# Really, REALLY Dumb Question...lol



## SRPitera (Nov 12, 2006)

OK, here goes...

I have a 12 week old Jack Russell..

He has very long hair hanging down off of the tip of his penis... lol

Can you trim this or is it a functional part of his body?

I told you it was dumb... lol


----------



## workingdog (Oct 19, 2006)

oh i don't think it's dumb.My male pom has long hair there too, and i was just thinking dam it would be nice if that wasn;t there. His next bath off it comes, unless some one answers this question with a reply that it needs to stay( which i doubt)


----------



## Onlinek9 (Nov 12, 2006)

You just obviously need to be careful while trimming! *ouch!* My male aussie had it too. While he was a puppy it was a pee trap. Now it doesn't seem to be much of a problem. But I trimmed it shorter when he was a pup.


----------



## myrna (Oct 29, 2006)

Why don't you make an appointment with your vet. If this needs to be done it should be by a vet. Good luck......


----------



## workingdog (Oct 19, 2006)

What! i'm sure my vet would laugh at me.It's just hair hanging down, you would have to be a complete idoit, to cut anything that should'nt be cut.


----------



## workingdog (Oct 19, 2006)

Hey Myrna i just reread my post. It could be took'en as rude.Not my intentions.


----------



## SRPitera (Nov 12, 2006)

Went to the vet today (For regular visit) and sure enough, this is a commonly asked question...lol

It is now trimmed... Turns out it is just normal puppy hair that can be removed...


----------



## DOTTI (Nov 11, 2006)

You Can Trim It.my Peke Has Long Hair There Also And Yhe Groomer Takes Alot Off Whene He's Bathed


----------



## daisy (Aug 23, 2006)

yea you can do it your self becouse he might need it when hes all grown up to i know that groomers clip the hair ther and in femails to


----------



## Jessica&Crew (Sep 23, 2006)

It is common to clip thast hair. 

With long haired breeds (I know yours isnt) people often trim some of the belly hair as well.


----------



## ejabarnes (Nov 30, 2006)

yes it can be trimmed with scissors do not clip as the blade can easily slip and snip his privates so i would be careful you can get this done at the groomers which is called a hygeine trim or sanitary trim


----------



## APBTgal (Dec 10, 2006)

myrna said:


> Why don't you make an appointment with your vet. If this needs to be done it should be by a vet. Good luck......

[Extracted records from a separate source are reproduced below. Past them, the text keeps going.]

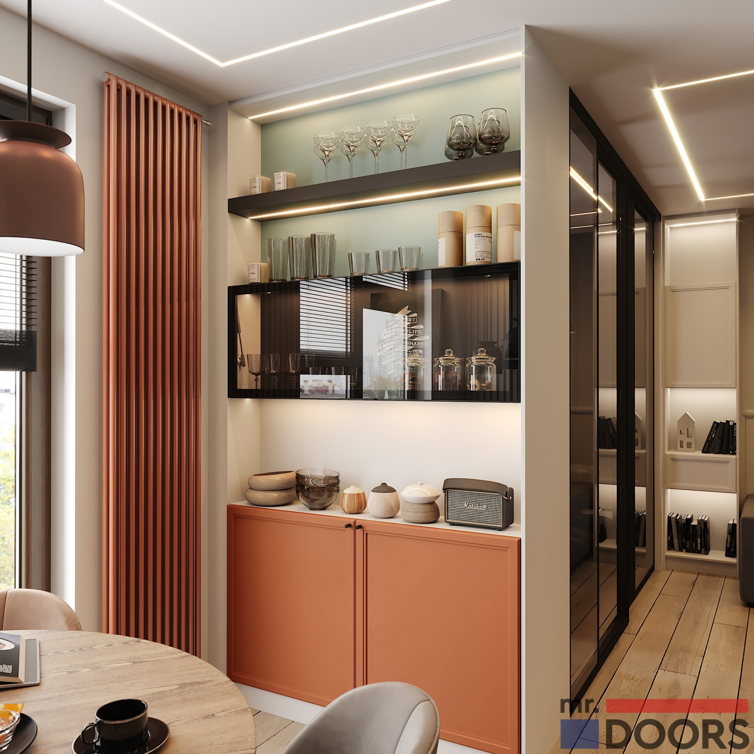 Открытый блок в верхних модулях выполнен в декоре «Графит».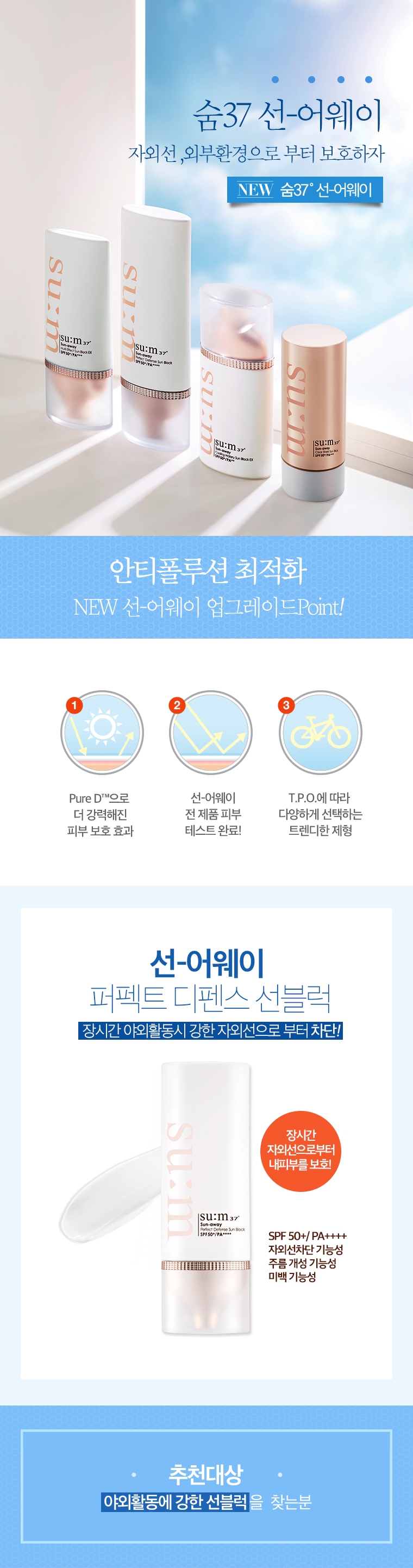 | Pure D™ increase skin elasticity and purify from city fine dust and harmful factors. Vitamin C derivatives, polyphenols, and tocopherols when exposed to skin irritants such as ultraviolet rays or fine dusts Prevents various inflammatory reactions. Protects your skin from strong ultraviolet rays and reduces blue light transmittance when you are outdoors for a long time. Face and body sun to block ultraviolet rays in outdoor activity, strong on sweat and water Soft cream type |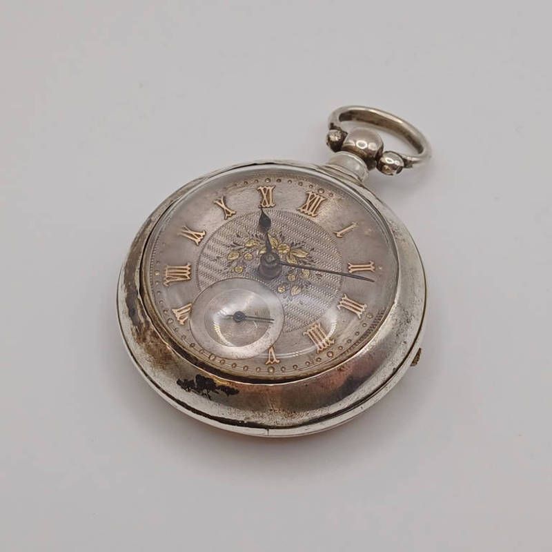 Double cased silver pocket watch with silver & gold dial, chester 1890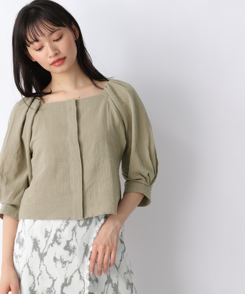衿元のカッティングが印象的なプルオーバーです♪ デコルテが美しく見えるネックライン、季節をつなぐ5分袖など、キレイなシルエットが引き立つ1着になっています☆見頃のコンパクトなサイズ感に対し、ボリュームのあるお袖がバランス良くポイントに。 特徴的な凹凸感のある生地が、コンパクトサイズのブラウスでも主張をしてくれています。 フレアパンツやワイドパンツ、デニムとの合わせがオススメです。-INFORMATION-◆商品のお気に入り登録完売していても再入荷時に再入荷通知を受け取ることができますので、是非ご登録ください♪◆ブランドのお気に入り登録新商品や再入荷などの情報を受け取ることができますので、是非ご登録ください♪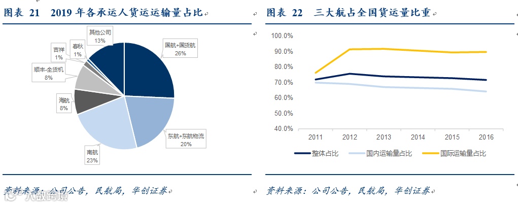 三大航凭借客机腹舱占据了国际货运市场相对垄断地位,预计三大航(含货机口径)2019年占国际货运量约90%,而国际货运量也占自身比重在34%-37%。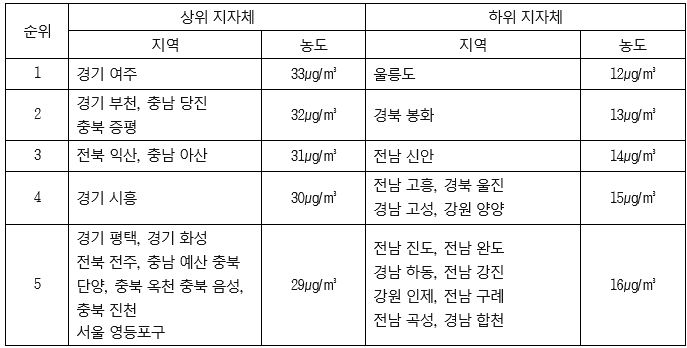 또 기초단체별로는 경기 여주의 지난 해 연평균 PM2.5 농도가 33 ㎍/㎥로 나타나 전국에서 가장 높았으며 , 그 뒤를 이어 경기 부천 , 충남 당진 , 충북 증평 (이상 32 ㎍/㎥), 전북 익산 , 충남 아산 (이상 31 ㎍/㎥), 경기 시흥 (30 ㎍/㎥) 순으로 나타났다 .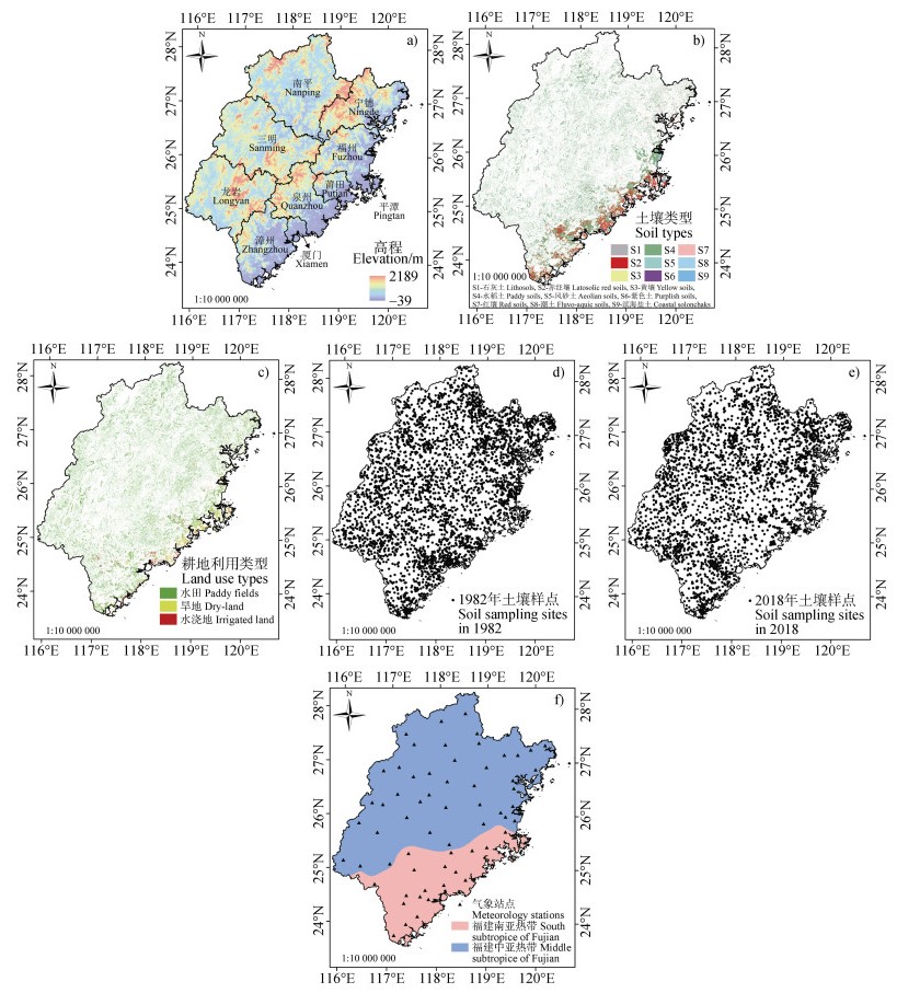 1.7 数据统计与制图本研究的区域差异主要基于行政区(9个设区市及其所处区位-福建东南沿海市域和西北内陆市域)、土壤类型(9个土类)、利用类型(水田、旱地、水浇地)、气候带(福建南亚热带和中亚热带)等角度进行数据统计与制图,其中,平潭综合实验区归并到福州市统计、制图,南平、三明、宁德和龙岩4市按福建西北内陆市域统计,福州、莆田、泉州、厦门和漳州5市按福建东南沿海市域统计。数据库建设及其空间统计与分析、像片图制作均采用ArcGIS v. 10.8软件,数据描述性统计及其柱状图、拆线图等绘制采用Microsoft Excel 2010。

common sense is all you need. its like trimming nails no need to go to the vet for something you can do.


----------



## pupskersandhutch (Nov 20, 2006)

with my Pekingnese they shave the butthole so she can poo better if we don't then she get's dingle berries and frankly that's grooss. I would think that cutting the hair might be sensitive and i don't know how well they would lay for that I would leave it it's not like it's bothering them unless it's as long as long as Santa's beard!!.


----------